During the exchanges, it was underlined that the citizen needed to play an active role in addressing climate change, both in urging politicians and taking voluntary action themselves. Beatriz Paredes, President of the Institutional Revolutionary Party (PRI) of Mexico, maintained education would be key to this, with an emphasis on school programmes focusing on climate change issues, as well as designing sustainable projects with affected local communities, particularly on her own continent where skepticism on the issue largely dominated the debate. Aleksandr Kwasniewski, former President of the Republic of Poland, shared this view and also expressed concern that climate change was not yet central to the political debate in emerging democracies nor, the point was also made, in countries where poverty prevails.
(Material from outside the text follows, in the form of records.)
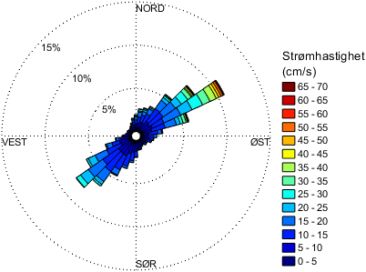 Strømrose: Prosentvis fordeling av målt strømhastighet, fordelt i 10°-retningssektorer. Målt strømhastighet er fordelt i ulike intervaller, indikert med fargeskala.
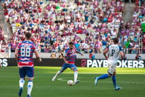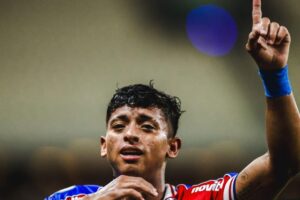 Autor do gol que deu a vitória do Fortaleza em cima do Horizonte, pela estreia do time tricolor no Campeonato Cearense, o atacante Kervin Andrade deve permanecer no Pici por mais um tempo. Emprestado pelo Deportivo La Guaira/VEN, o jogador de 18 anos despertou interesse do Tricolor de Aço que planeja adquirí-lo em definitivo, uma vez que o jogador já treina com a equipe profissional do Laion. <<< SE INSCREVA NO CANAL DO FUTEBOL E RAPADURA NO YOUTUBE >>> O contrato de empréstimo do jogador entre La Guaira e Fortaleza vai até o junho de 2024, por isso, o time tricolor precisa se mexer o mais rápido possível para adquirir os direitos econômicos do jogador. Kervin foi revelado pelo clube venezuelano e é considerado uma jóia no seu país. O jogador se tornou profissional aos 15 anos. Neste período, o atleta atuou em 57 partidas, marcando seis gols em duas temporadas e meia. Em 2024, o jogador foi vice-artilheiro do Laion na Copinha em 2024, marcando 3 gols, ficando atrás apenas do centroavante Iarley. No time profissional, fez sua estreia no ultimo sábado, marcando o gol da vitória do Leão contr ao Horizonte, após assistência de Yago Pikachu. Leia mais | FIFA marca audiências envolvendo Fortaleza, Colo-Colo e Lucero
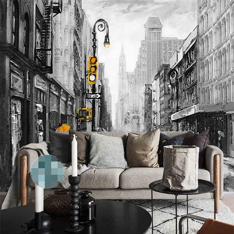 Customized 3d Oil Painting Wallpapers Modern Grey City Street Car
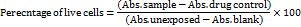 Absorbance was measured at 565 nm by using a microplate reader (AMP Platos R-496). The non-cellular background was subtracted from the respective samples and percent viability was measured relative to the NTC samples. Percentage various viability curves were forthwith generated. The experiment was performed with triplicates for each sample. The cytotoxicity was calculated as percent viability relative to the unexposed samples present on each plate by using the following formula:

He added that the Socialist International was in a position to work with social democratic leaders to push the climate change issue higher up the agenda.

In terms of global governance, Rt. Hon. Lord Malloch-Brown, UK, Minister of State, Foreign and Commonwealth Office, proposed that the Commission would need to consider how to better democratise international institutions. It was vital that the institutions providing the framework for international agreements on the issue increased their legitimacy by becoming more accountable and representative.

A statement was adopted at the meeting outlining areas of concern for the Commission, as well as addressing the current environmental agenda ahead of the United Nations Climate Change Conference to take place in Bali from 3 to 14 December this year.

The Commission agreed on a programme of future work, outlined by the SI Secretary General. The activities of the Commission will be held in 2008 and 2009, with four meetings of the full Commission: the first in Chile in March 2008; then in Sweden in September 2008; India in March 2009 and culminating in the last meeting, together with the presentation of the Commission’s final report in connection with the United Nations General Assembly in New York in September 2009. In conjunction with these meetings, seminars with political and social leaders, and experts, will be held in China, South Africa and Russia, among other venues.